Electrocatalitic Detection of Hydrazine Using Chemically Modified Electrodes with Cobalt Pentacyanonitrosylferrate Adsorbed on the 3–Aminopropylsilica Surface

Cobalt pentacyanonitrosylferrate on the aminopropylsilica silica gel surface (SiCoNP) was previously prepared following two steps. The electrochemical behavior of SiCoNP modified electrode showed two redox couples, the first and second redox couples were observed at anodic potential (Epa)1 = 0.36 and 0.60 V vs. Ag/AgCl attributed to the oxidation of Co(II) to Co(III) and Fe(II)(CN)5NO/Fe(III)(CN)5NO, respectively. The modified carbon paste electrode with SiCoNP was tested in the hydrazine electrooxidation. In the hydrazine electrooxidation, the H+ release was observed and the two metal centers are involved in this process.
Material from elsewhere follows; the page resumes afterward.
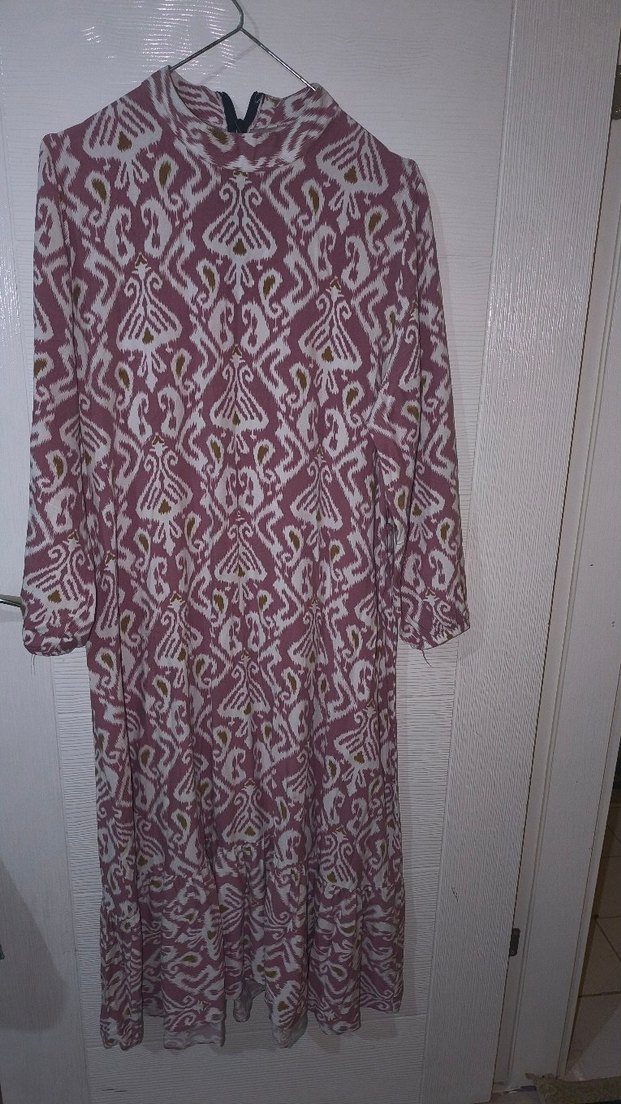 Bordo renkli, bol kesim, drapeli uzun elbise. V yaka ve uzun kollu, pastel tonlarda batik deseniyle bohem tarzını yansıtıyor. Sentetik kumaştan, günlük kullanıma uygun.

The proposed mechanism has been described and based on studies of the effect of hydrogen ion concentration in the redox process of bivalent compound formed. Thus a large increase in hydrogen ion concentration promotes the formation of an intermediate electroactive species with an anodic peak at 0.56 V. The nature of this species is not well established but may be related to protonation of cyanide or NO groups present. The modified graphite paste electrode presented a limit of detection of 2.38×10-4 mol L-1 and amperometric sensitivity of 1.37×10-6 A.mol-1.L.